Mastering Java Heap Dump Analysis: An Expert’s Guide to Solving Complex Memory Problems

When we have performance issues in Java, memory problems are high on the list of possible culprits. They can cause the system to slow down, become unresponsive, suffer from intermittent hangs, and eventually crash. High memory usage can also cause cloud computing costs to soar.

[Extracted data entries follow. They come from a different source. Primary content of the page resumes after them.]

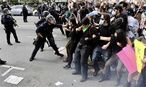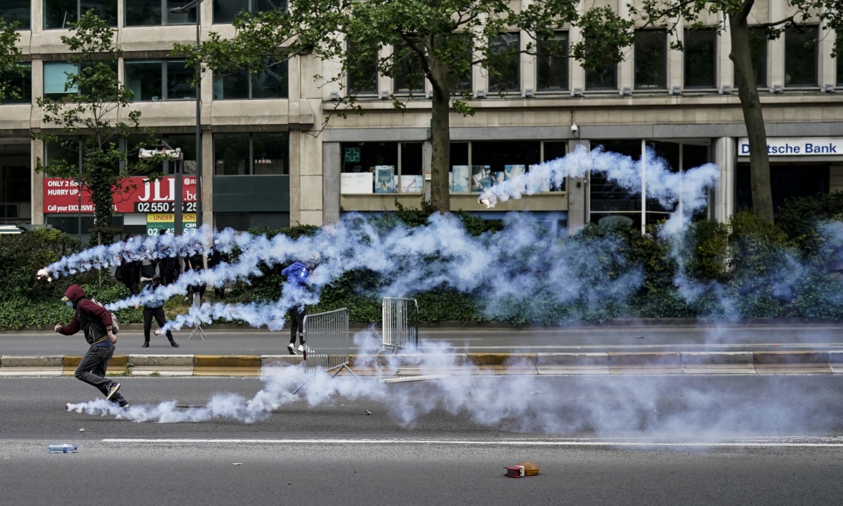 Protesters clash with riot police during an anti-racism protest in Brussels, Belgium on Sunday, as part of a weekend of "Black Lives Matter" worldwide protests over the death of George Floyd, an unarmed African American man killed by a white police in Minneapolis in the US. Photo: AFP
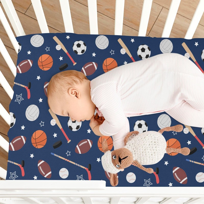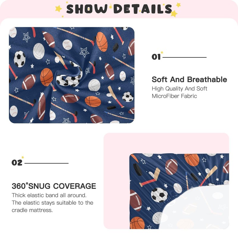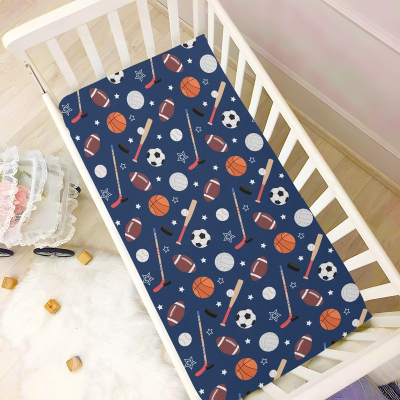 Crib Sheets for Boys Girl Team Sports Breathable Mini Crib Mattress Sheets Fitted,Toddler Baby Sheets for Crib Mattress 39 * 27 * 5In
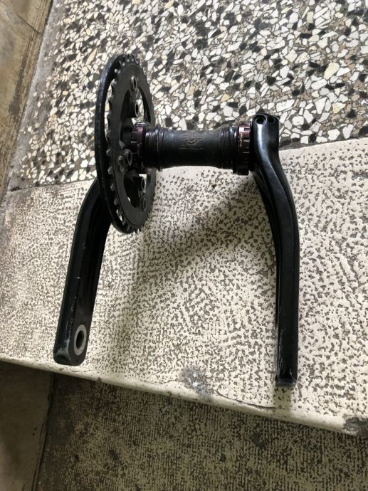 Ima povrsinskih ostecenja ali radi bez problema, masivan dh/freeride pogon, kurble 165 mm. Lancanik 36 zuba. Na poklon fsa bottom bracket, koristen, ociscen i podmazan. Nije besprijekoran ali moze posluziti.

Java heap dump analysis is the fastest way to get to the root cause of memory-related headaches. In this article, we’ll discuss briefly how the JVM manages memory, before looking at how a heap dump can help us troubleshoot problems quickly.

Java Heap Dump Analysis

A heap dump is a snapshot of the JVM heap at a given moment. Since the entire heap is copied to the dump file, it may be very large. Huge enterprise applications may have a heap size of many gigabytes. The dump file is in binary, so it’s impractical to analyze it manually. Fortunately, there are several excellent heap dump analysis tools available. In this article, we’ll use HeapHero, although if you’re already familiar with other tools such as Eclipse MAT, you may prefer to use them.

You may like to read this article, which describes several ways to take a heap dump from a running program. If you’re developing for Android, you will find the article How to Capture Heap Dumps in Android helpful.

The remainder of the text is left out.